What does he charge and is he a bonafide guide? There are 3 of us going up there Monday and i dont know who to get to take us out and bring us back.

I heard one of the airboat guides charge $175. No way I can spring for that. $60 I can manage if he takes us out to where the fish are and take us back in.

Thanks


----------



## hearttxp (Dec 21, 2004)

slay said:


> What does he charge and is he a bonafide guide? There are 3 of us going up there Monday and i dont know who to get to take us out and bring us back.
> 
> I heard one of the airboat guides charge $175. No way I can spring for that. $60 I can manage if he takes us out to where the fish are and take us back in.
> 
> Thanks


I really don't now what Ray charges but ? Most airboat guides do charge around $150 Other guides without a airboat charge about $100 !! So finding a guide who puts you in a heated shanty drills your holes and gets you bait will be hard to find for $60 !


----------



## slay (Feb 2, 2009)

hearttxp ,
Thanks, I have no doubt that $60 is a great price. That's what I was hoping for.
I have to believe that must be the some of the easiest money to earn. They just set you out there and bring you back. No spending hours on the boat trolling on the open water.

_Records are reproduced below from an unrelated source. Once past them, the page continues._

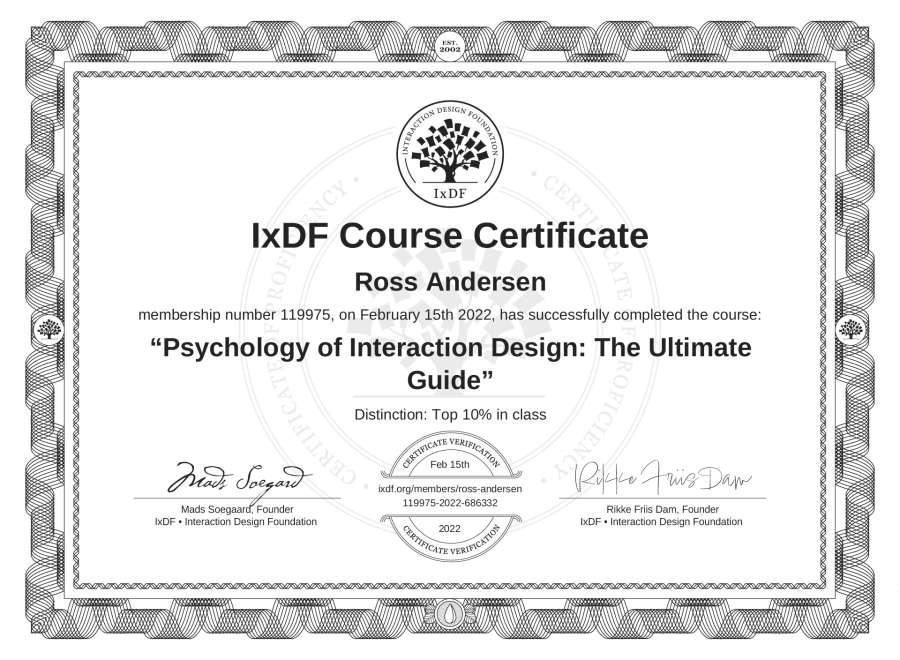 Ross Andersen's IxDF Course Certificate: Psychology of Interaction Design: The Ultimate Guide
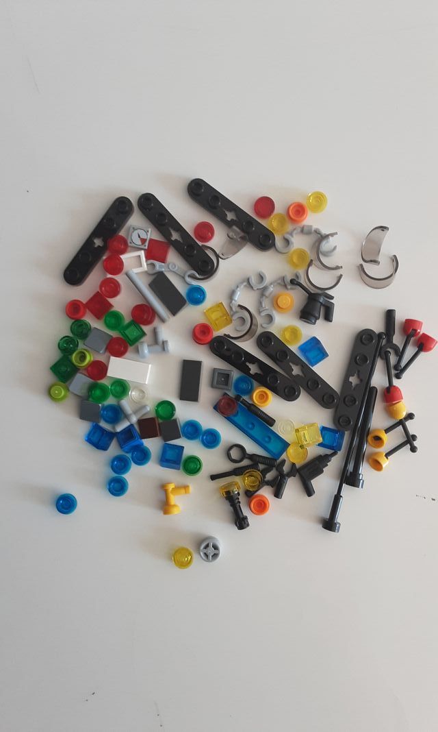Lotto Lego formato da minuterie in vari colori, antenne, visiere, manette e altri accessori come da foto
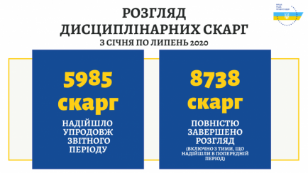 Протягом перших семи місяців 2020 року до Вищої ради правосуддя надійшло на 6% більше скарг щодо дисциплінарного проступку судді, ніж за аналогічний період 2019 року.
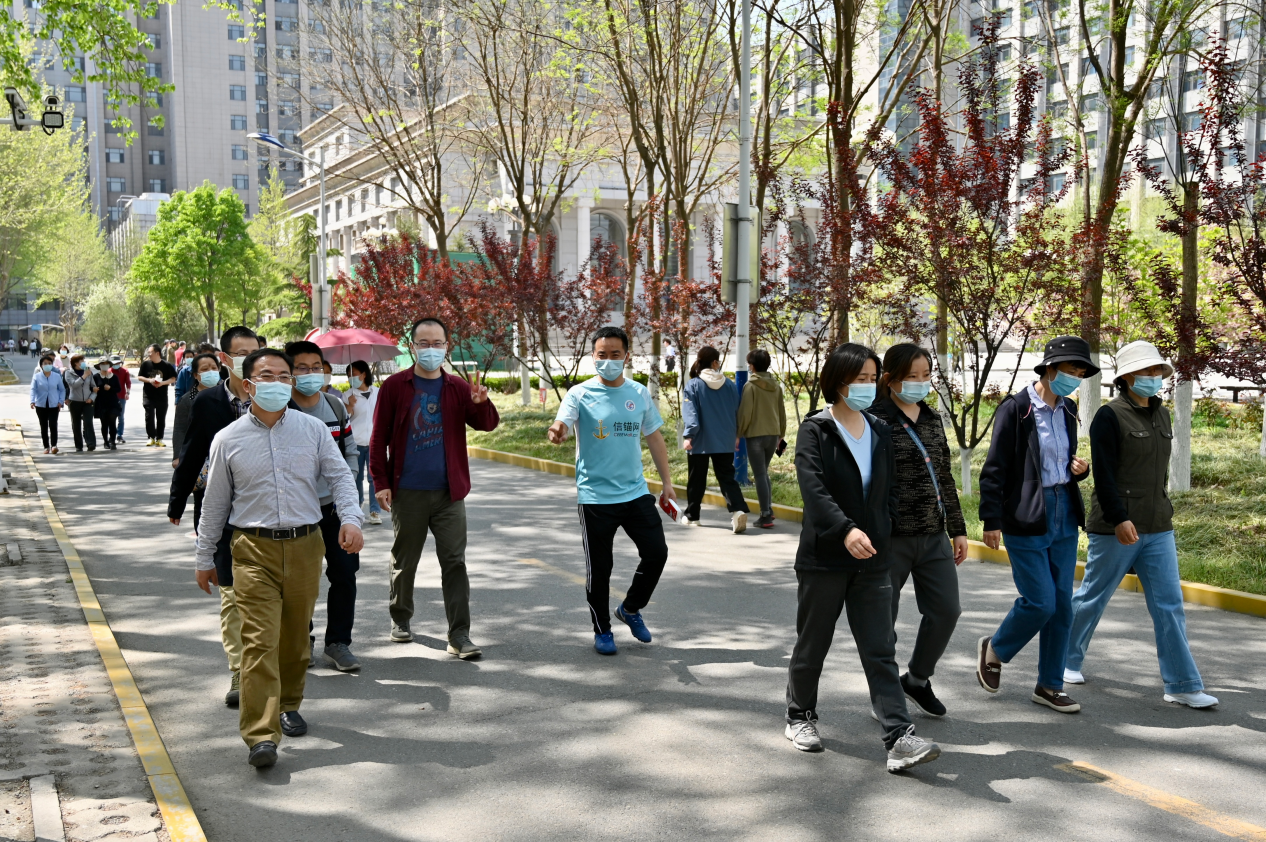 中午12点30分,在主楼西广场今日看料教职工集体合影留念后,长走活动正式开始。迎着温柔的风,沿着熟悉的道路,迈着轻快的步伐,各位老师相携前进,一边欣赏学校美景,亲近自然,一边交流工作,感受生活。
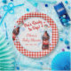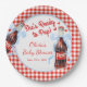 Add a charming and playful touch to your celebration with these Red & Blue Ready to Pop Baby Shower Paper Plates. Featuring a classic red gingham background and a cute vintage-style soda bottle accented with a blue coquette bow, these plates perfectly capture the fun and nostalgic spirit of a “Ready to Pop” baby shower theme.
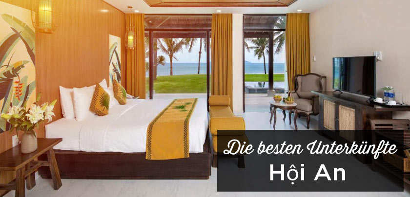 - Palm Garden Beach Resort & Spa: dieses 5-Sterne-Resort liegt inmitten wunderschöner tropischer Gärten direkt am Cua Dai Beach. Geräumige Doppelzimmer und Familienvillen mit privatem Pool ab 170€, Frühstück inbegriffen. Pluspunkte: riesiger Außenpool, privater Strandbereich, exzellenter Service. Eine Top-Wahl für einen luxuriösen Strandurlaub.
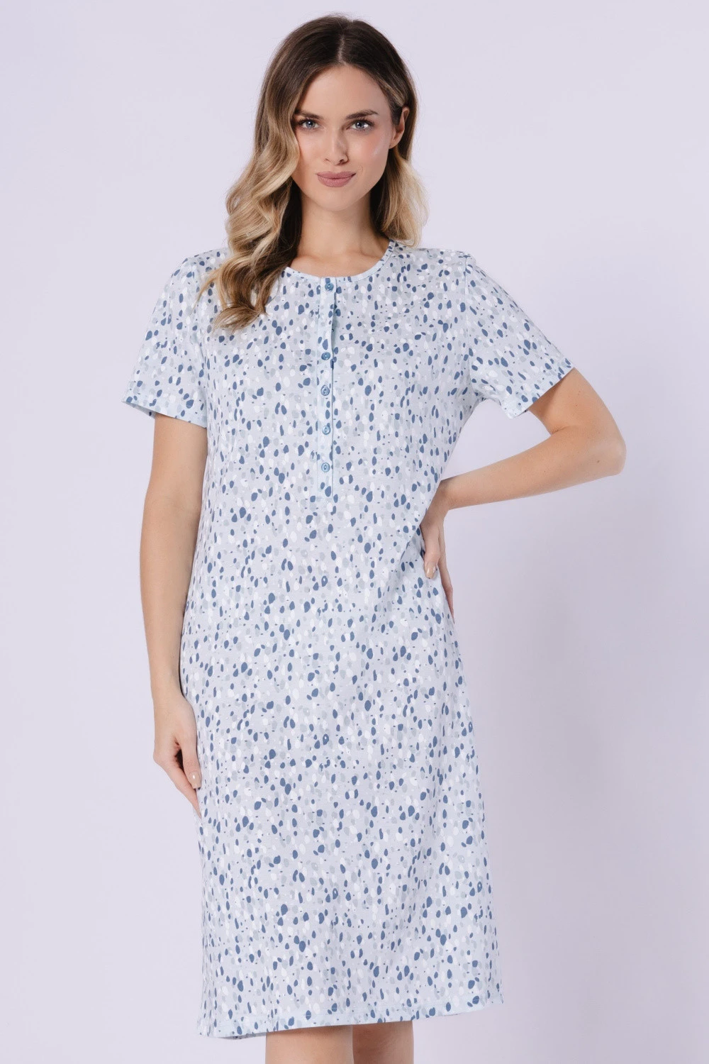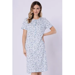 Tato noční košile spojuje pohodlí s funkčním designem. Má kulatý výstřih a krátký rukáv, volný a pohodlný střih zajistí plnou volnost pohybu. Vyrobena z měkké a prodyšné látky s potiskem, zaručuje příjemné nošení po celou noc. Model vybavený zapínacími knoflíky usnadňuje oblékání a svlékání. Košile sahá za kolena a celý kus je balen v praktickém fóliovém sáčku, co z ní dělá skvělý dárek.
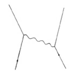 In the spread-eagle diagram, an electron appearing from the bottom right emits a photon of light, the wavy line. In response to firing off that photon, the electron recoils to the right. As the electron on the left absorbs the photon, it gets a momentum kick to the left. Voilà! The two particles, both with similar, negative electric charges, repel each other.
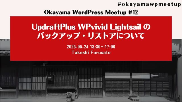 2025/05/24に開催された「Okayama WordPress Meetup #12 | そのバックアップ、本当に復元できますか? リストアやってみた!」で登壇した資料です。 WordPressプラグインによるバックアップとリストアとして、 ・UpdraftPlusの場合 ・WPvividの場合 ホスティングサービスによるバックアップとリストアとして ・AWS(Amazon Lightsail)の場合 についてお話しました。
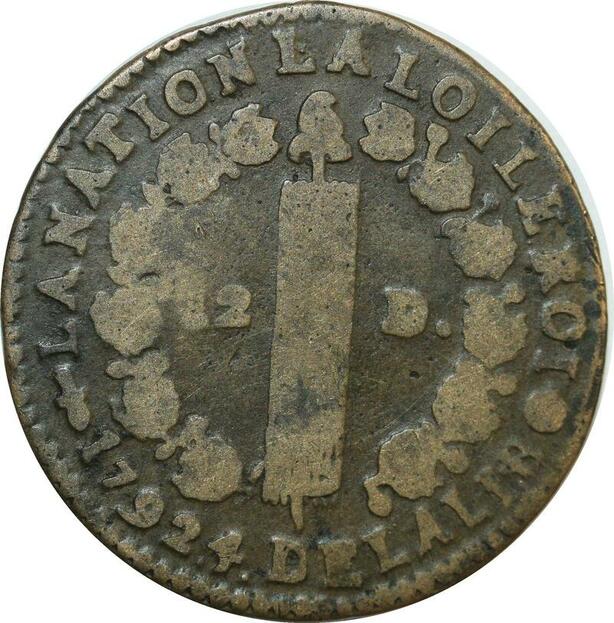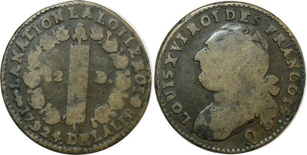 O9158 Rare France Constitution 12 Deniers Louis XVI François An 4 1792 Q Perpignan
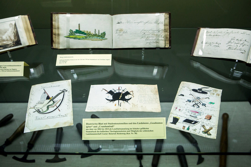 Die Ausstellung unter dem Titel „Nicht zum Fressen, nicht zum Saufen, sondern Weisheit einzukaufen… Hallische Universitätsgeschichte in Stammbücher“ ist noch bis zum 14. Januar im Technischen Halloren- und Salinemuseum, Mansfelder Straße 52, zu sehen.
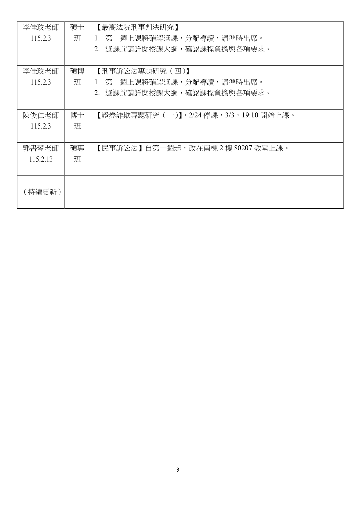 本學期「開學上課公告」(如測驗、停課、調課等,陸續更新)115.2.13
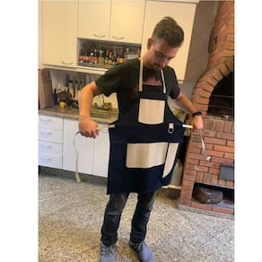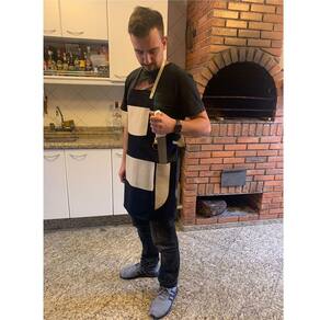 Avental Especial em Jeans Azul e Couro Creme - Brasil Avental feito especialmente para fazer sucesso. Robusto e diferenciado. Junto com seu prazer em fazer churrasco, vocês farão sucesso. Atenção para os detalhes: Um porta faca em couro, uma bolsa em couro e um argola para pendurar toalhas ou luvas. Rebites cobre. Unissex, tamanho Único 74 cm x 57 cm Material: Couro e Lona Marca: Utensilios do Chef

They can charge whatever they want, it doesnt upset me at all. There is just very little left to spend when you have a 4 hour drive just to get there and then obtain lodging, 3 day NR license. gas, etc. It's quite an outing adventure, and I envy those fellas that can routinely afford it. I may end up just getting lodging and trudging with a great deal of hope in my heart...LOL


----------



## hearttxp (Dec 21, 2004)

Slay I undertand !! I hear that all the time with my Summer charters. But for a guy to be a license Ice guide Or even just a Taxi he has fees and cost that make it tough to turn a profit. I just got my Charter boat insurance in the mail. Time to renew-- It is 4 times as much as what it would be if I wasn't a charter. and then I need to pay my guide license,boat dockage, advertising and so on ! And people ask why we charge so much for a trip ?
Anyway if you can make it up to the western basin. There are some real nice fish being caught !! Good Luck !! Wojo


----------



## slay (Feb 2, 2009)

I know what your saying. I did manage to get a guide, but now I fear I may have to cancel the trip due to the weather. Sheesh, I can't seem to catch a break this week.
It sure would be nice if that warm weather would disappear.


----------



## hearttxp (Dec 21, 2004)

That ice will hold up to this little warm up ! Will just be a little slushy and wet on Top !! There is over 12" just about every where ! Most guides will keep running for a while I would think ???


----------



## Double J (Jan 7, 2009)

Best to call Capt Ray yourself but I think he is either 100 or 125 per man.He is a fully licensed charter captain and guide,running trips on the ice then in april thru may in the western basin and moves to ashtabula in the summer months.Most of the time he runs with another airboat for added safety.To say these guys are making easy money is not how it is.I have not found a cheaper way yet to ice fish the big pond.The airboats themselves take a beating on the ice and a lot of maintenance to keep them up and running.Being out there on the ice is a lot of work on top of keeping 4 to 6 other guys comfortable and catching fish.I would have to say running trolling trips in the summer is much less work and a whole lot easier.You can run out of catawba on a quad but your always taking a big chance with cracks opening up that could prevent your safe return.If your inexperienced and just want to fish 1 or 2 days an airboat captain is the way to go.Sorry this was long winded.Good fish'n Jeff.


----------



## bassmastermjb (Apr 8, 2004)

12"? More like 20" made 3 moves Thursday out of Crane Creek. Any more ice and we'll all be buying extensions for the power augers.The fishing should be on fire this weekend out west.........Mark


----------



## slay (Feb 2, 2009)

If a guide stays out there with them then I can see your point about it being more difficult. And yes the airboat does take a pounding. I saw that on my trip there last week. I was thinking more of the 4 wheeler and snowmobile type service.
I was only thinking of a ride out and back in. A prepositioned shanty that stays up for 2 months when ice is good means no shuttling all of someones gear out.

The ice was about 14" thick off the ferry landing last week, so yeah it's a lot of ice for sure. It won't melt, but I guess that doesn't mean cracks won't develop with a warm wind. I sure don't want to be the guy that floats to Canada on an ice floe without a passport. I may have to ask for political assylum to avoid penalties....LOL


----------